One study evaluating the gene mutation potential of a hex-1-ene (linear alpha olefins) in mammalian cells was identified (Adams, 1990, Klimisch score=1). Hex-1-ene, diluted in DMSO, was examined in a mouse lymphoma thymidine kinase assay using L5178Y (TK+/-) cells (Adams et al, 1990). Prior to the main mutation study, a preliminary study was conducted with the test substance to determine its potential to cause cytotoxicity and also to determine an appropriate range for the main mutation study. Study protocols for both the preliminary and main study were similar with minor modification made in the main study. Based on experimental results, hex-1-ene was considered cytotoxic at doses = 300 µg/ml and was not mutagenic at concentrations =300 µg/mL either in the presence or absence of metabolic activation.
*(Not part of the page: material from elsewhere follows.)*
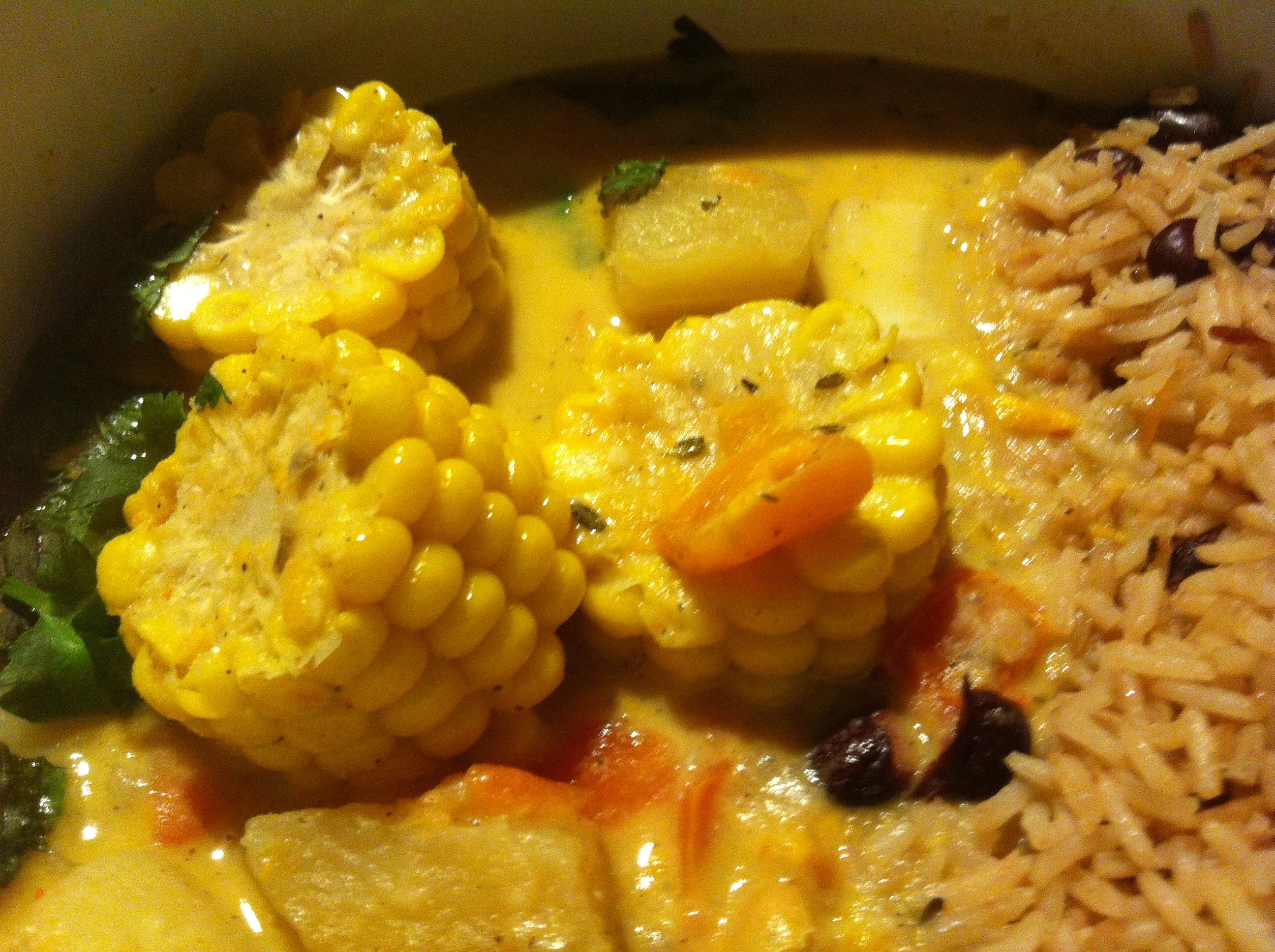For my main course I chose the Rastafari Rundown: this was a lovely dish, with butter beans. Corn cob, greens, carrots, sweet potatoes, fried dumplings, herbs, coconut, with rice N’ peas.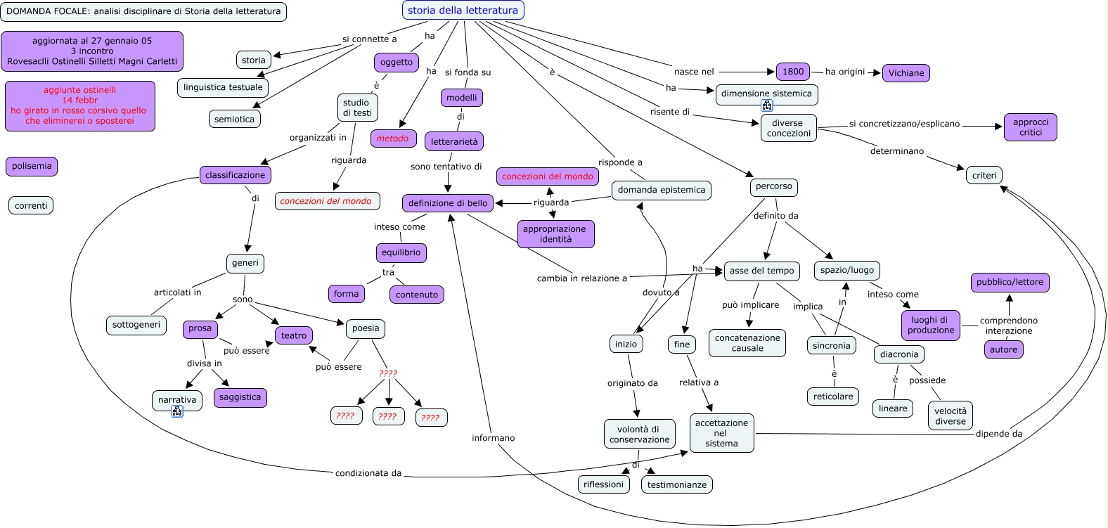 This Concept Map, created with IHMC CmapTools, has information related to: storia letteratura, percorso ha asse del tempo, storia della letteratura si connette a storia, diverse concezioni si concretizzano/esplicano approcci critici, poesia può essere teatro, asse del tempo implica sincronia, letterarietà sono tentativo di definizione di bello, classificazione di generi, diacronia è lineare, oggetto è studio di testi, poesia ???? ????, 1800 ha origini Vichiane, percorso definito da spazio/luogo, percorso ha inizio, diacronia possiede velocità diverse, storia della letteratura è percorso, accettazione nel sistema dipende da criteri, sincronia in spazio/luogo, generi sono teatro, generi sono prosa, prosa divisa in narrativa

There were no in vivo mutagenic studies available for single carbon number isomerised olefins; therefore read across was made to linear alpha olefins and multiple carbon number isomerised olefins. In the read-across study from hex-1-ene (Harnois, 1983), 5 mice/sex/dose were treated (whole body inhalation exposure) with Gulftene 6 at doses of 0; 1000; 10,000; or 25,000 parts per million for a period of 2 hours on two consecutive days. Lethargy and rapid respiration were observed in animals treated at 10,000 and 25,000 ppm but these clinical effects were reversible post-exposure. Female mice (50%) exhibited statistically lower mean body weights on days 1 and 3. However, mean body weights of the remaining female mice were observed to be normal when compared to corresponding control animals. No significant increase in the frequency of micronucleated polychromatic erythrocytes in the bone marrow was noted after treatment at any dose level. Male and female animals induced with cyclophosphamide exhibited a statistically higher frequency of micronucleated polychromatic erythrocytes in the bone marrow when compared with negative controls.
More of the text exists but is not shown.